# [Try it]
Each line below is to be repeated exactly; any picture is to be left out.

# [Given information]
########

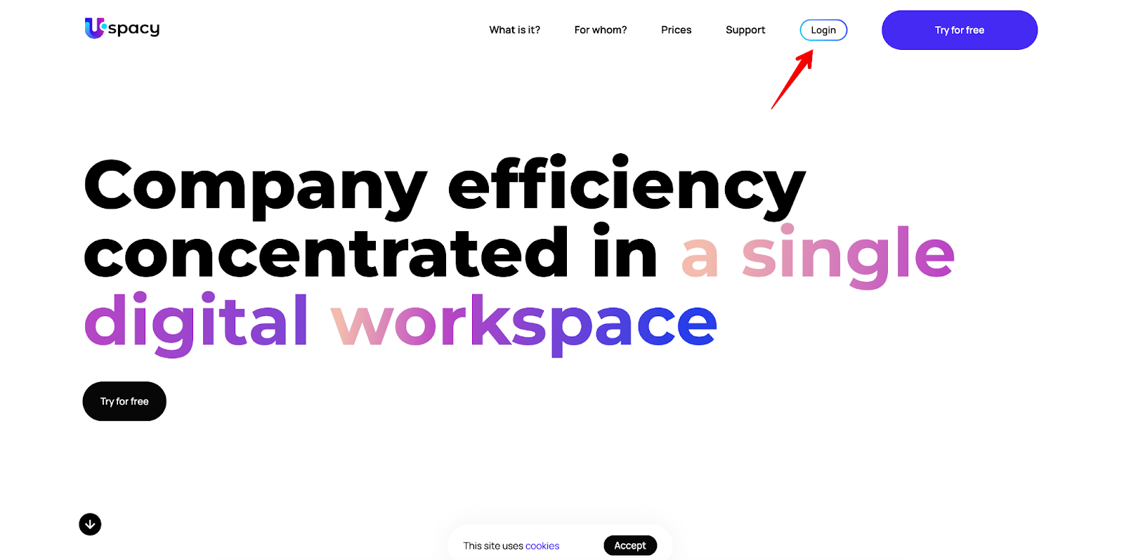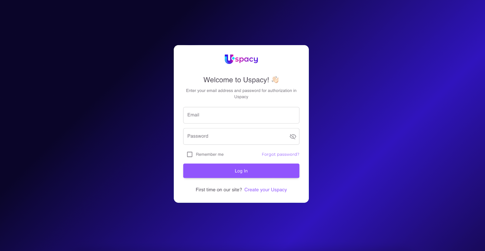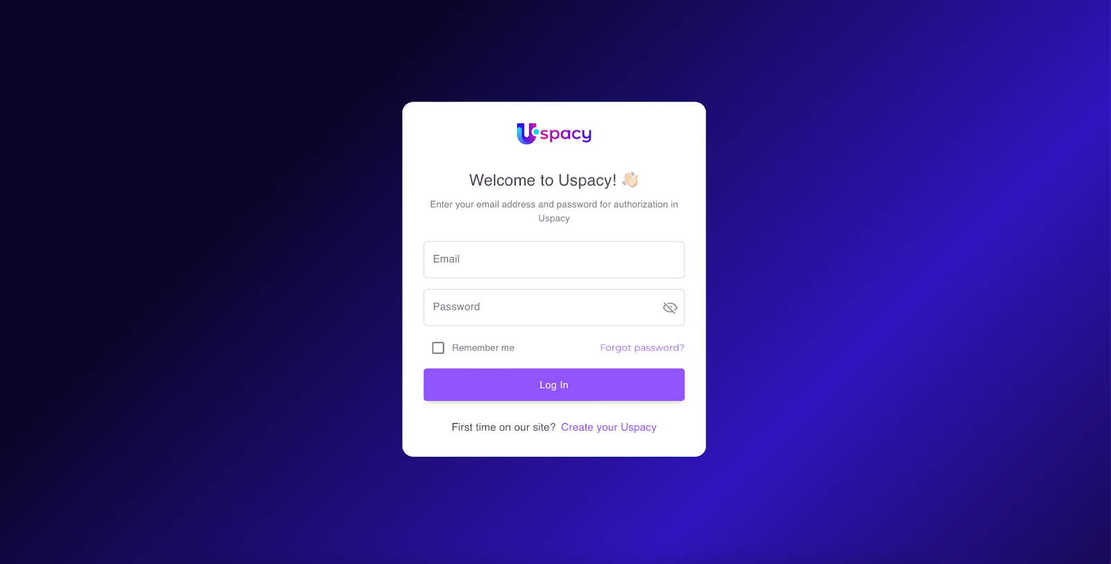 You can also go to the authorization page from the main Uspacy website COM|EU|COM.BR. To do this, you need to click on the Login button.
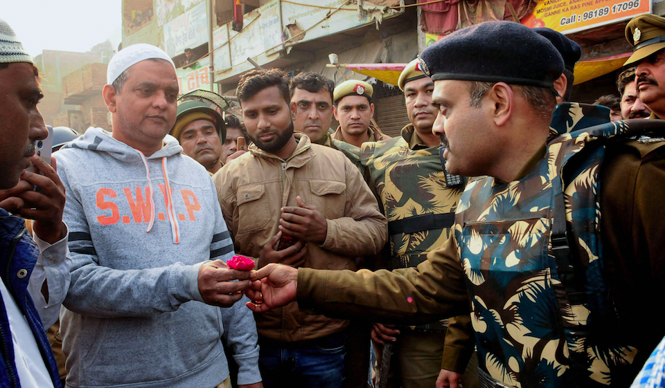 A Muslim man offers a member of security forces personnel a flower as part of anti-CAA protests on December 20. Photo: PTI
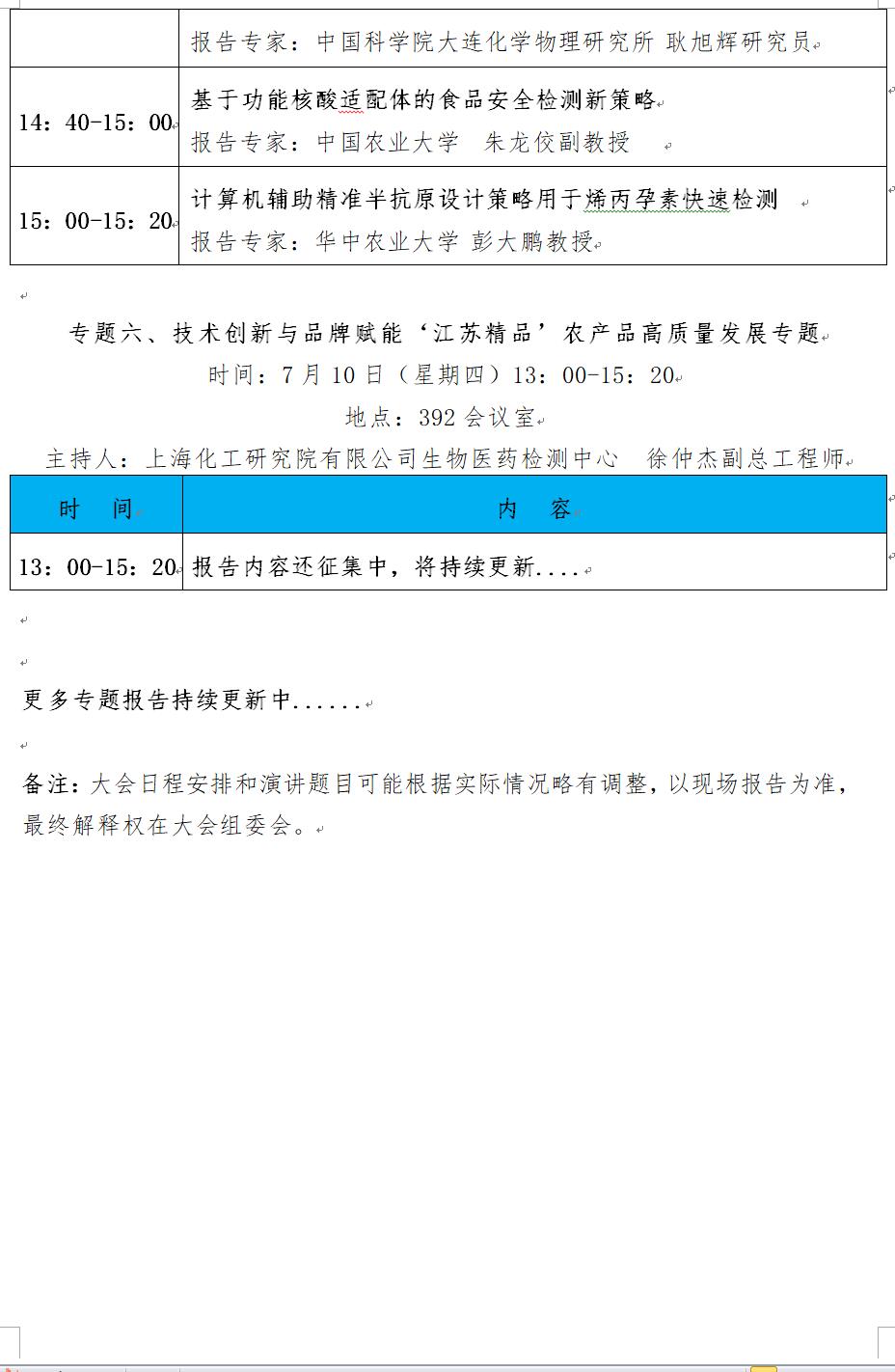 本屆CFAS大會將繼續秉承“交流、促進、安全、健康、營養”的主旨,展開系列學術研討與展示活動。論壇首日(7月9日)議程安排了20余場主題報告,次日(7月10日)聚焦農藥殘留檢測專題、快速檢測技術專題、重金屬及元素檢測技術專題、微生物及生物毒素檢測技術專題、基于新技術新原理開發的創新食品安全檢測方法專題以及“技術創新與品牌賦能‘江蘇精品’農產品高質量發展專題等核心議題,進行深入研討和經驗交流,以期形成廣泛學術共識,推動我國食品與農產品質量安全全產業鏈的發展。
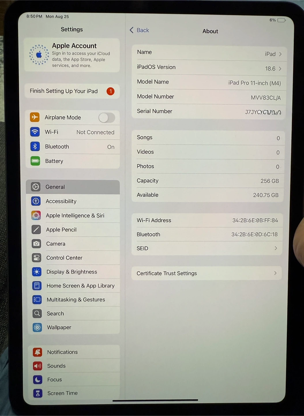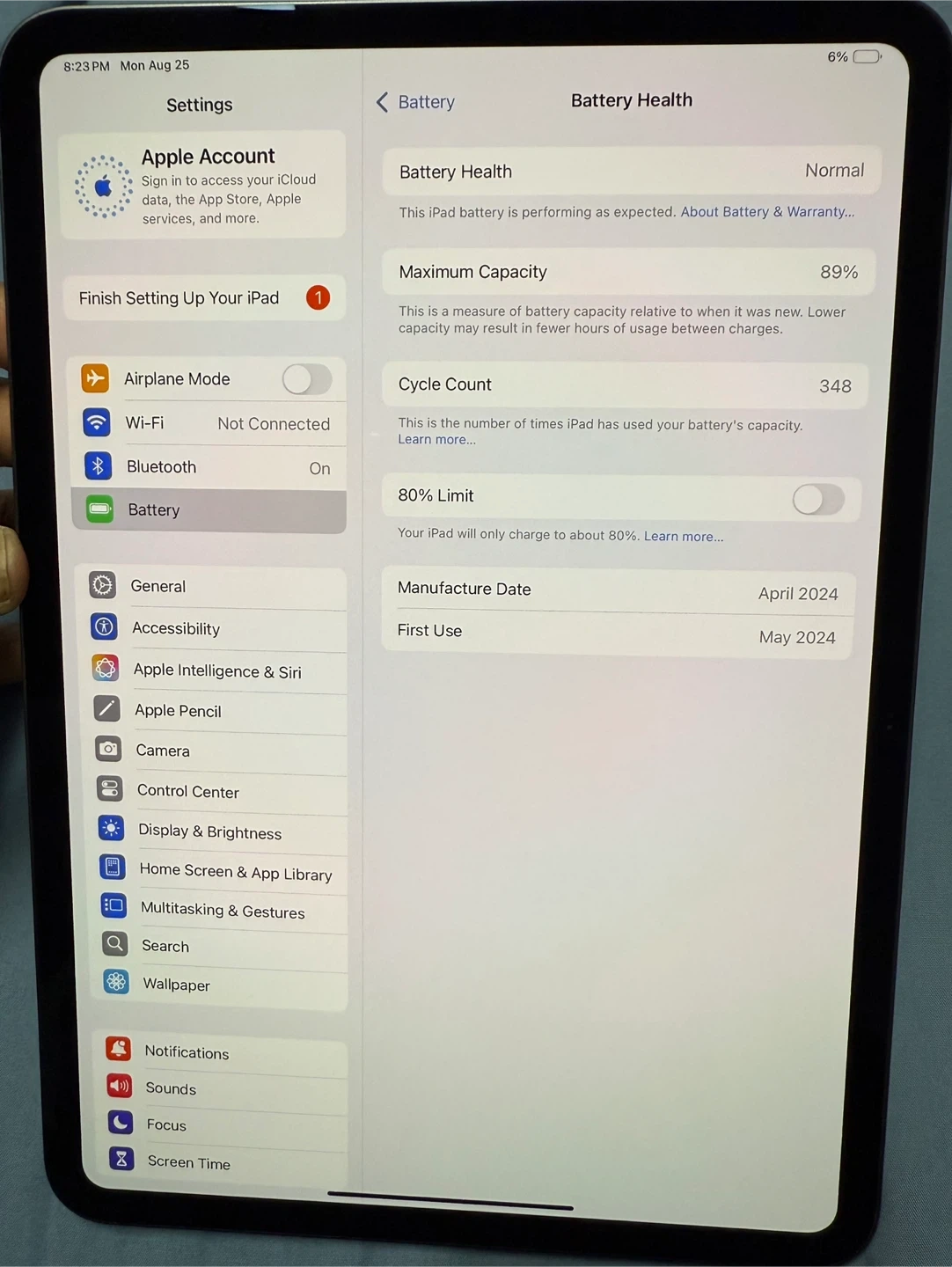 Selling an Apple iPad Pro 11-inch (M4) with 256GB of storage. The battery health is normal, with a maximum capacity of 89% and a cycle count of 348.

########

# [Answer space]
 You can also go to the authorization page from the main Uspacy website COM|EU|COM.BR. To do this, you need to click on the Login button.
 A Muslim man offers a member of security forces personnel a flower as part of anti-CAA protests on December 20. Photo: PTI
 本屆CFAS大會將繼續秉承“交流、促進、安全、健康、營養”的主旨,展開系列學術研討與展示活動。論壇首日(7月9日)議程安排了20余場主題報告,次日(7月10日)聚焦農藥殘留檢測專題、快速檢測技術專題、重金屬及元素檢測技術專題、微生物及生物毒素檢測技術專題、基于新技術新原理開發的創新食品安全檢測方法專題以及“技術創新與品牌賦能‘江蘇精品’農產品高質量發展專題等核心議題,進行深入研討和經驗交流,以期形成廣泛學術共識,推動我國食品與農產品質量安全全產業鏈的發展。
 Selling an Apple iPad Pro 11-inch (M4) with 256GB of storage. The battery health is normal, with a maximum capacity of 89% and a cycle count of 348.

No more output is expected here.